This problem was asked by Facebook.

Given a stream of elements too large to store in memory, pick a random element from the stream with uniform probability.

In [1]:
data = randn(3)

"Returns a function that returns next element from data, or nothing if finished."
function makestream(data)
    i = 0
    function next()
        i += 1
        i <= length(data) ? data[i] : nothing
    end
    next
end

makestream

In [2]:
data

3-element Vector{Float64}:
 -0.2398490695623169
 -1.6800105241515257
  1.5022265173191045

In [3]:
stream = makestream(data)
for k = 1:10
    println(stream())
end

-0.2398490695623169
-1.6800105241515257
1.5022265173191045
nothing
nothing
nothing
nothing
nothing
nothing
nothing


In [4]:
"Random natural number from 1 to n≥1."
randnat(n::Int) = Int(ceil(n*rand()))  # n*rand() is uniform RV on real interval [0,n)

randnat

In [5]:
"Return a uniformly random element of stream where total number of elements is known."
function pickn(stream, n::Int)
    # Pick a random integer i from 1 to n, then return the i-th element using stream.
    i = randnat(n)
    local value
    for j in 1:i
        value = stream()
    end
    value
end

pickn

In [6]:
stream = makestream(data)
println(data)
pickn(stream,length(data))

[-0.2398490695623169, -1.6800105241515257, 1.5022265173191045]


-1.6800105241515257

In the case where the number of elements is unknown ahead of time, we could, in principle, read each element from the stream into a growing array until we reach the end of the stream (signaled by "nothing" return value), and then we'd know the number of elements, so that we could then uniformly pick a random element from this array.  Or conceivably we could apply '''pickn''' in another pass, but we'd need some way to "reset" stream to start from the beginning.  But by assumption we don't necessarily have enough memory or are unwilling to provide it.  So how can we handle this?

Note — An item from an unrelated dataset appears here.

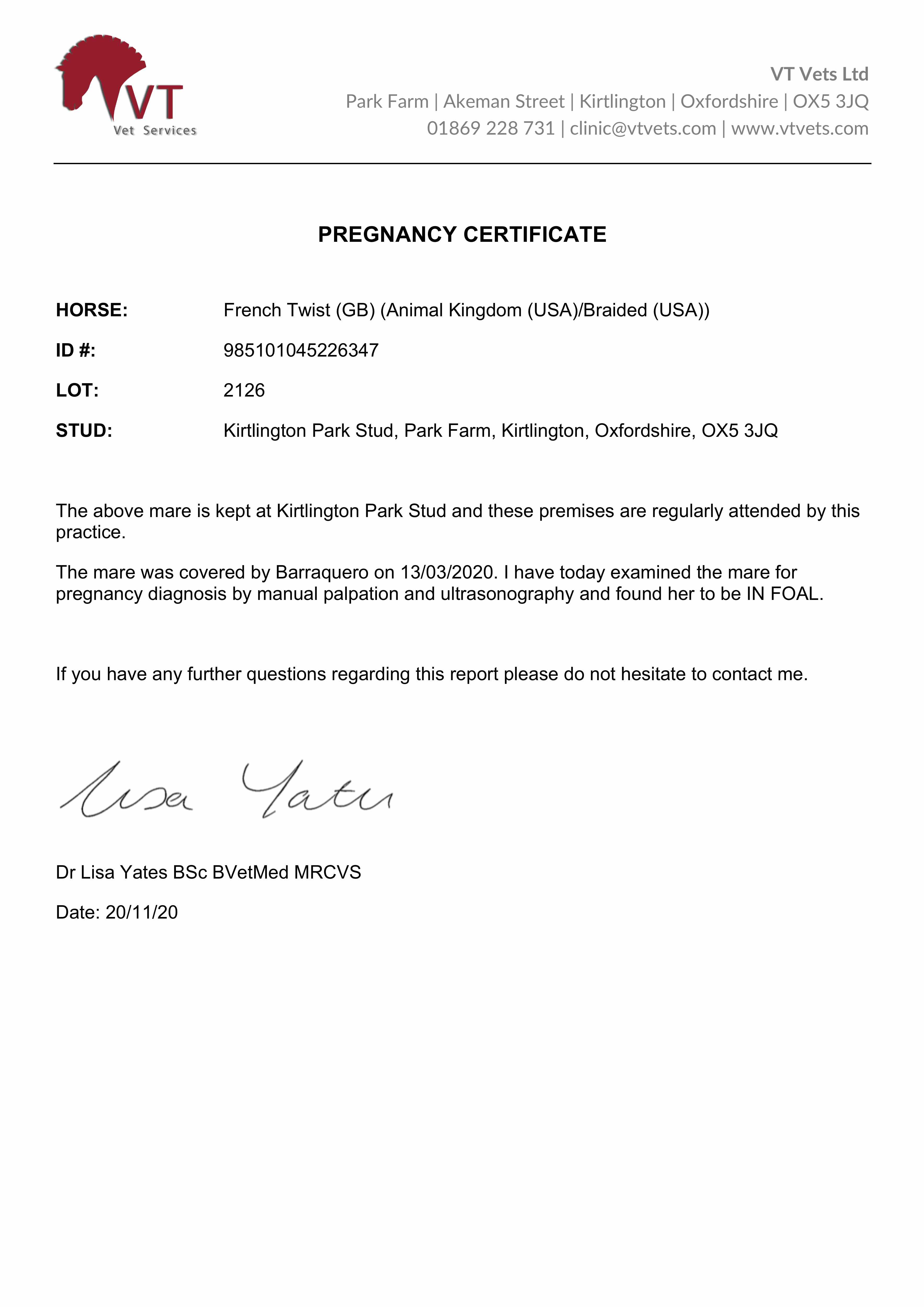 Consignor: Kirtlington Park Stud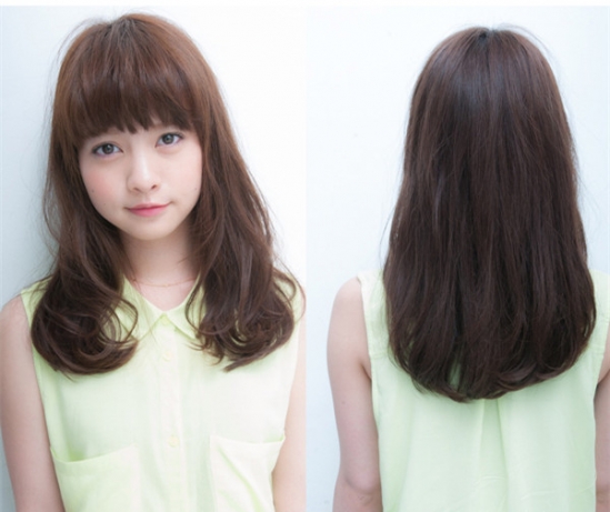 发型点评:齐刘海搭配的这款中长发发型,让女生那张可人的鹅蛋脸完美显露,再将浅棕色染发的柔顺头发自然散披在肩头,瞬间就能散发出清甜与唯美的气息。

My approach is to consider the probability of picking the last element from the stream: $1/n$, for $n$ elements total.  That means there's an $(n-1)/n$ probability of picking one of the previous elements.  We can think of a biased coin where we "keep" the one of the first $n-1$ elements with probability $(n-1)/n$, or swap with the last one with probability $1/n$.  This suggests a scheme where we act _as if_ the next element from the stream is the last element, and we swap with it with probability $1/n$, where now $n$ is the number of elements _so far_.  We always start by picking the first element, and we obviously don't change our chosen element if the stream is empty.  At every step we always have a uniform selection of all the elements in the stream that far along.

In [7]:
"Return a uniformly random element of stream where total number of elements is unknown but finite."
function pick(stream)
    n = 1
    next = stream()
    local choice  # = nothing
    while !isnothing(next)
        if rand() < 1/n
            choice = next
        end
        n += 1
        next = stream()
    end
    choice  
end

pick

In [8]:
stream = makestream(data)
println(pick(stream))

1.5022265173191045